Before SQL Azure, Quosal planned to open its own data centers in three global markets, a significant undertaking for a company with 10 employees. Building a worldwide data hosting infrastructure would have required a large upfront cost, including expensive hardware and the administration necessary to hire and train new employees to manage the facilities.

By using SQL Azure, Quosal can rely on Microsoft to manage the data centers, relieving the company of the support costs and burden of hosting its applications for customers. Instead, Quosal can focus on what it does best, developing quote and proposal software. “We are saving [US]$300,000 immediately by not having to build those three data centers,” says McNall. “And we are avoiding ongoing maintenance costs of $6,000 a month. At the same time, the market opportunity that we gain is immeasurable.”

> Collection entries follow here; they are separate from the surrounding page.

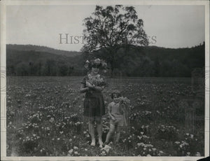 1934 Press Photo Barbara & Shirley Noble in fields of waiving California Poppies
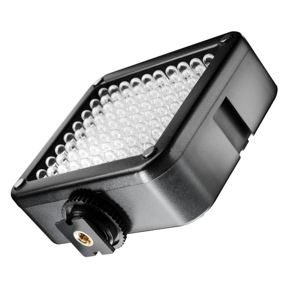 Kompakt und selbstbewusst präsentiert sich die Video-Flächenleuchte von walimex, die mit seinen 80 leistungsstarken LED-Dioden jeden Hobbyfilmer und Videografen überzeugt. Machen Sie die Nacht zum Tag und sorgen Sie für helle Momente: Die mit 5 AA-Batterien betriebene Videoleuchte ist ideal geeignet für alle Camcorder und Videokameras. Die 80 stufenlos dimmbaren LED sorgen für eine hohe Lichtausbeute und damit für die nötige Helligkeit bei nicht ausreichendem Umgebungslicht. Dies ist besonders praktisch bei Aufnahmen im Dunkeln oder unzureichend ausgeleuchteten Räumen. Somit müssen Sie nie wieder schlecht beleuchtete Filme befürchten! Profitieren Sie von der flexiblen Erweiterbarkeit: Die Flächenleuchte ist nicht nur im Hoch- und Querformat nutzbar, sondern durch die durchdachte Bauart auch flexibel erweiterbar. Das über den Blitzschuh anzubringende Gerät kann mit weiteren Videoleuchten zusammengesteckt und dann z.B. zu einer größeren Flächenleuchte ausgebaut werden. Außerdem bieten wir zusätzlich optional erhältliche Montageschienen an, auf denen Sie die Videoleuchte in bestimmten Positionen und in Verbindungen mit mehreren Lampen nutzen können und damit für das Plus an Helligkeit sorgen können. Die mit einer Batterieanzeige und einem 1/4 Zoll Anschluss Gewinde versehene Flächenleuchte verfügt über 580 Lux (gemessen bei 1m Abstand). Unser Tipp: Bestellen Sie gleich den Zusatzakku und die praktischen Montageschienen mit.
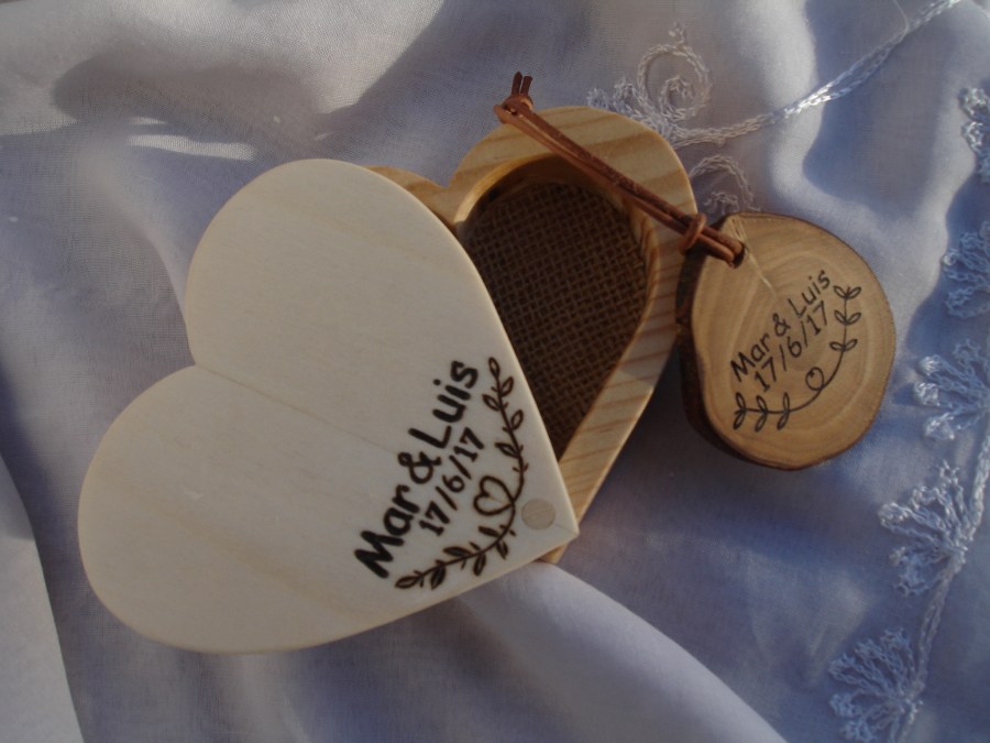 En cada porta alianzas, adjunto un pequeño llavero como regalo.
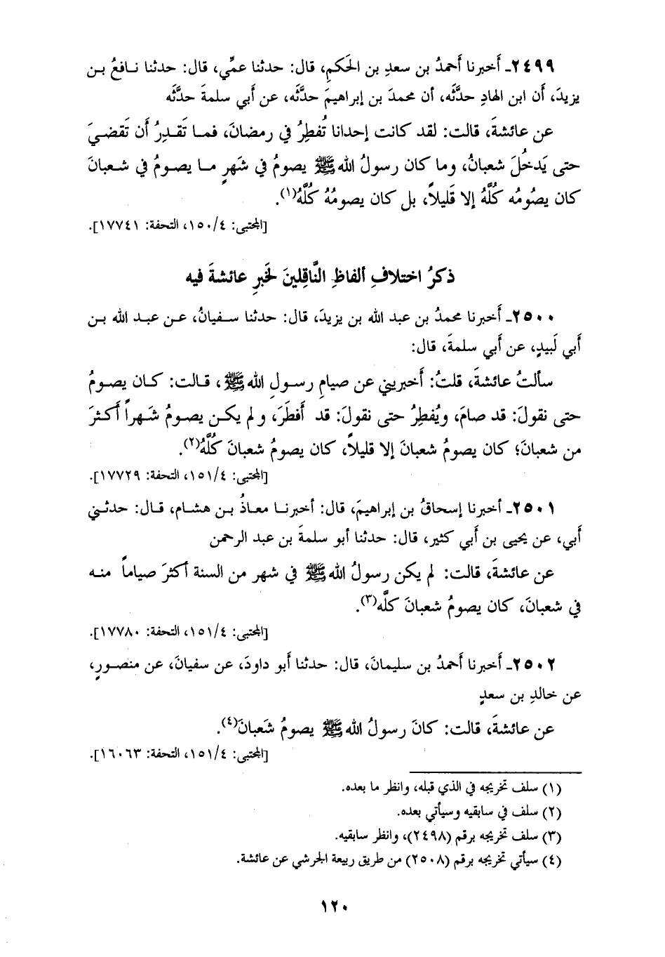 2499 - أَخْبَرَنَا أَحْمَدُ بْنُ سَعْدِ بْنِ الْحَكَمِ قَالَ: حَدَّثَنَا عَمِّي قَالَ: حَدَّثَنَا نَافِعُ بْنُ يَزِيدَ أَنَّ ابْنَ الْهَادِ حَدَّثَهُ أَنَّ مُحَمَّدَ بْنَ إِبْرَاهِيمَ حَدَّثَهُ عَنْ أَبِي سَلَمَةَ حَدَّثَهُ عَنْ عَائِشَةَ قَالَتْ: لَقَدْ كَانَتْ إِحْدَانَا تُفْطِرُ فِي رَمَضَانَ فَمَا تَقْدِرُ أَنْ تَقْضِيَ حَتَّى يَدْخُلَ شَعْبَانُ، وَمَا كَانَ رَسُولُ اللهِ صَلَّى اللهُ عَلَيْهِ وَسَلَّمَ «§يَصُومُ فِي شَهْرٍ مَا يَصُومُ فِي شَعْبَانَ، كَانَ يَصُومُهُ كُلَّهُ إِلَّا قَلِيلًا، بَلْ كَانَ يَصُومُهُ كُلَّهُ»
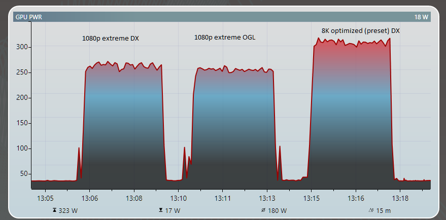 Leider hat hier die GPU zum Teil sehr stark gedrosselt da das PL erreicht wurde.
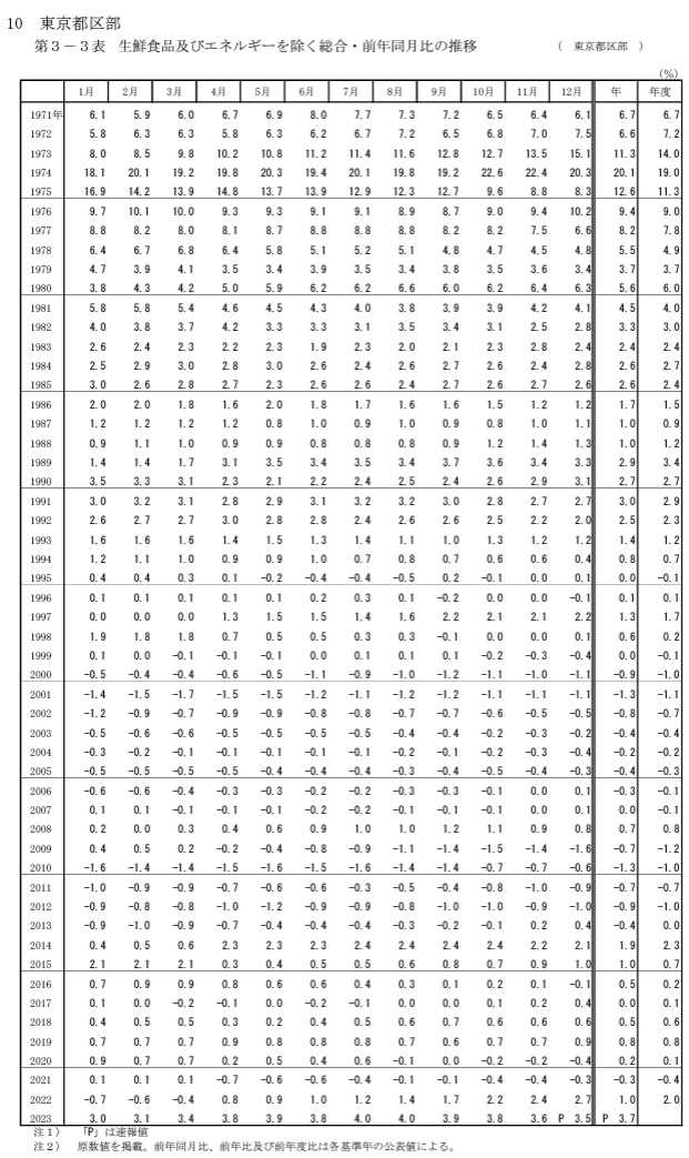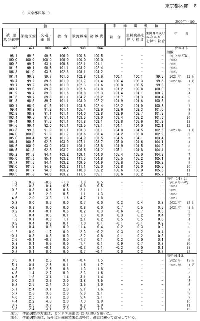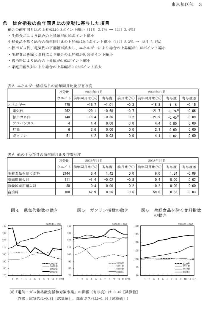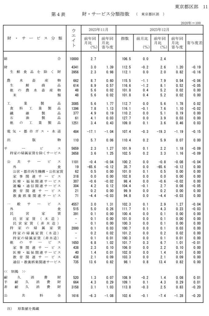 ​東京都区部の生鮮食品を除く総合指数は23年平均
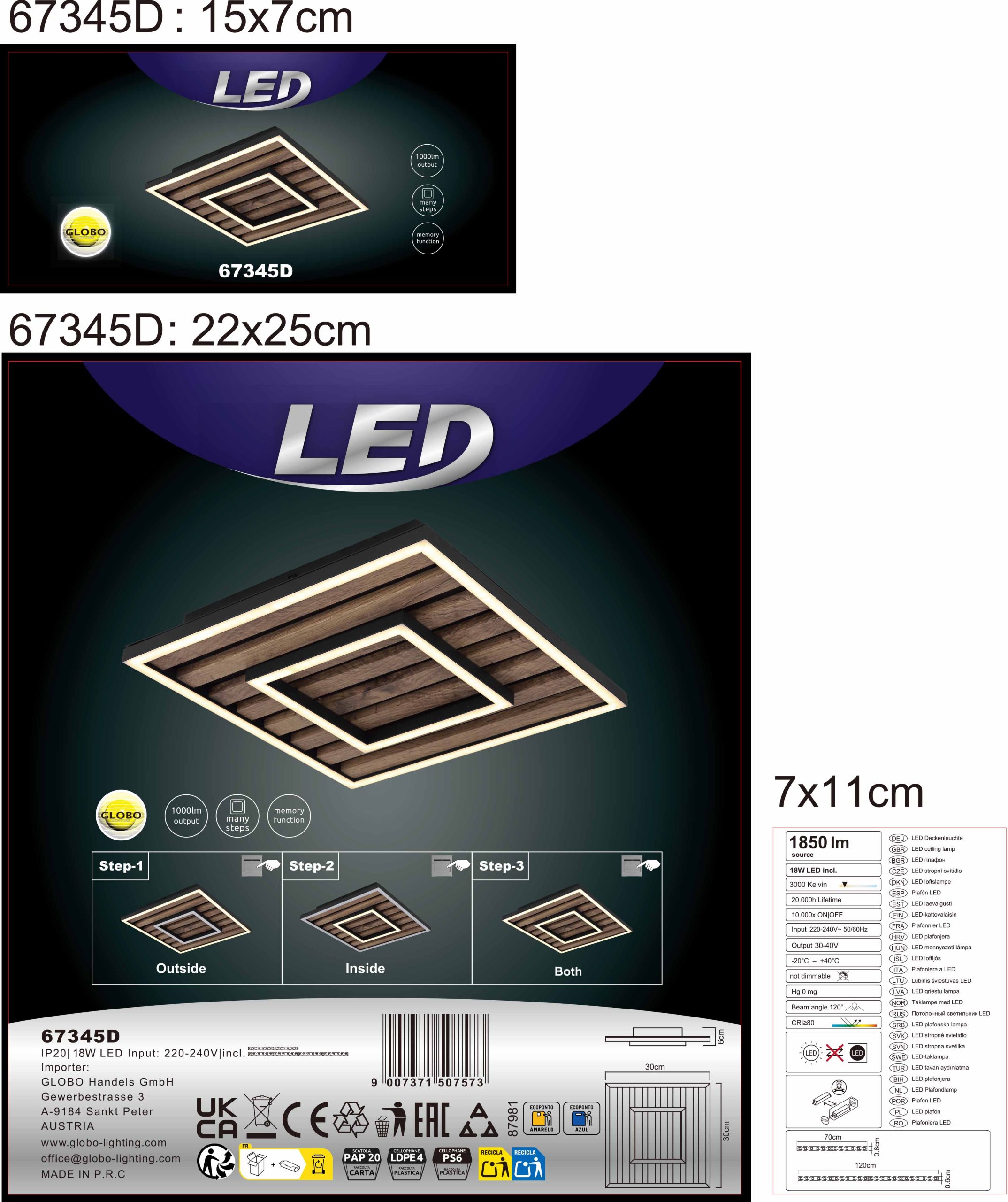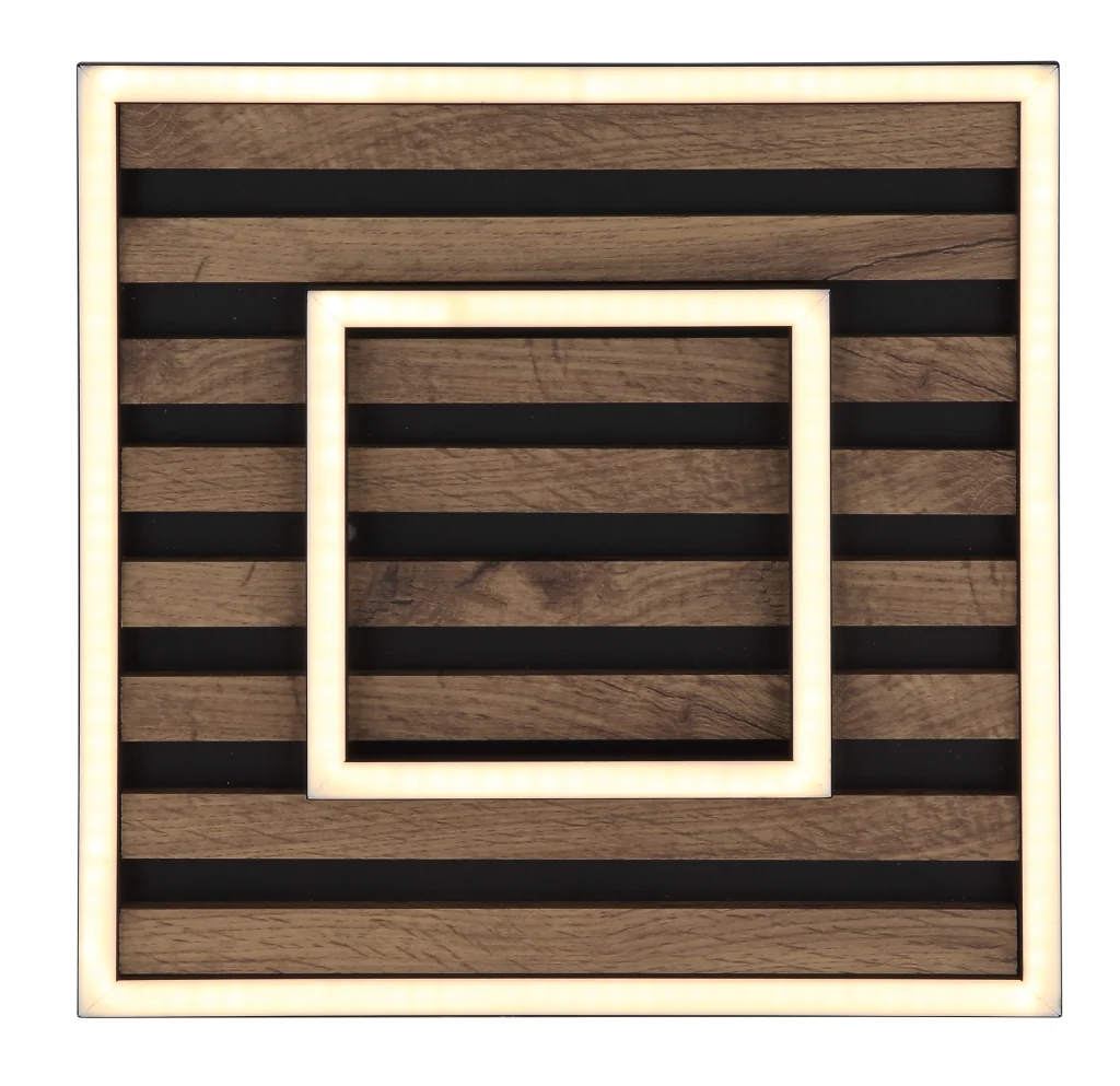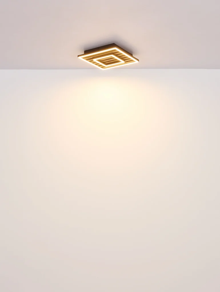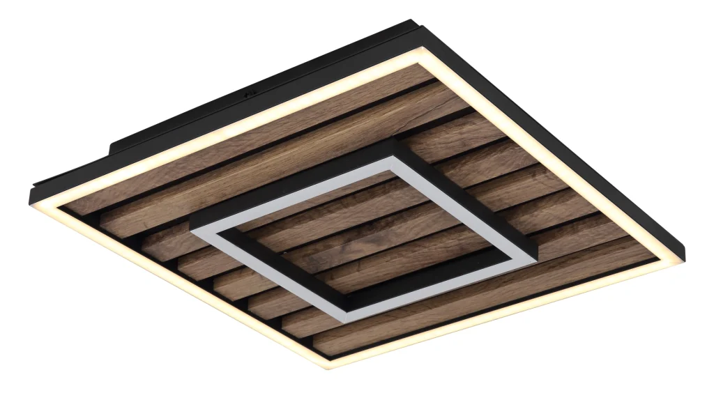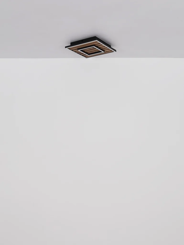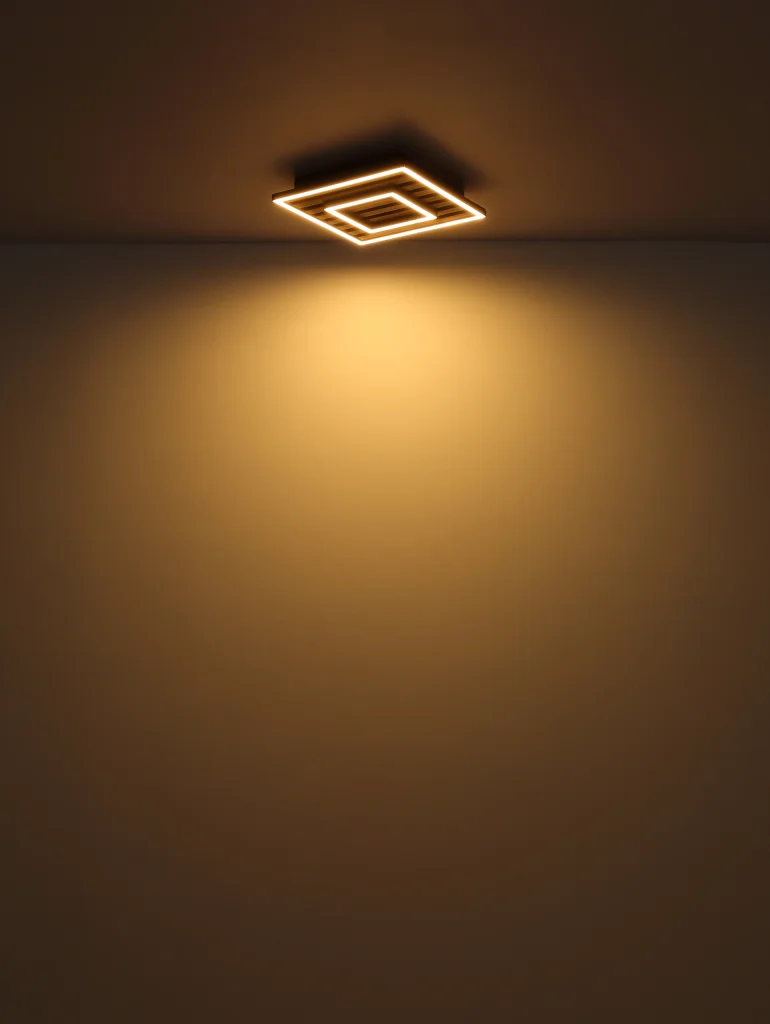 Ova plafonska lampa WOODY u modernom izgledu akustičnih panela kombinuje stilske materijale i inovativne funkcije. Telo je napravljeno od mat crnog metala, dok tamna MDF ploča sa izgledom drveta dodaje topao, prirodan dodir. Abažur od mat aluminijuma i opal plastike obezbeđuje ravnomernu raspodelu svetlosti. Svetiljka se može kontrolisati u nekoliko faza pomoću zidnog prekidača, nudeći tri različite opcije osvetljenja: spoljni okvir, unutrašnji okvir ili oba zajedno. Integrisana funkcija memorije čuva željena podešavanja. Opremljena LED modulom, svetiljka pruža svetlosni izvor od 1850 lm pri izlazu od 1000 lm i prijatnu temperaturu boje od 3000 K u toplo beloj boji.

Improved Reliability and Scalability

While Quosal maintained a high service level agreement for its customers, the company is happy to offload that responsibility to Microsoft going forward. SQL Azure maintains three copies of the data and ensures database consistency when actions are performed against the database. And in the case of a hardware failure, SQL Azure provides automatic failover to optimize availability for every Quosal customer.

“We have approximately 200 customers on SQL Azure, and in the 24 months since going live with the solution, I can count on one hand the number of support calls that we have received,” says McNall.

By using SQL Azure, Quosal also avoids overextending valuable infrastructure resources to accommodate expected demand. Instead, the company can take advantage of the elastic, scalable infrastructure offered by SQL Azure, with customers signing up for the services using a flexible pay-as-you-go format. And as with other cloud technologies, customers pay only for what they use. Now Quosal can grow its business without the challenges of demand forecasting and scaling resources up and down to meet a changing customer base.

Simplified Application Deployment

As Quosal no longer needs to provision databases for customers who choose the hosted deployment option, the company can set them up 33 percent more quickly. Instead of spending time on IT administration to service a new customer, Quosal simply helps them quickly set up a SQL Azure account. “SQL Azure dramatically changes the deployment time frames and ease of management for thousands of small, medium, and large businesses,” says McNall. “It only takes minutes for a Quosal customer to gain an enterprise-class database. Our customers love the ease of deployment so much that about 33 percent of our licensed customers opt to run their database in SQL Azure rather than on-premises.”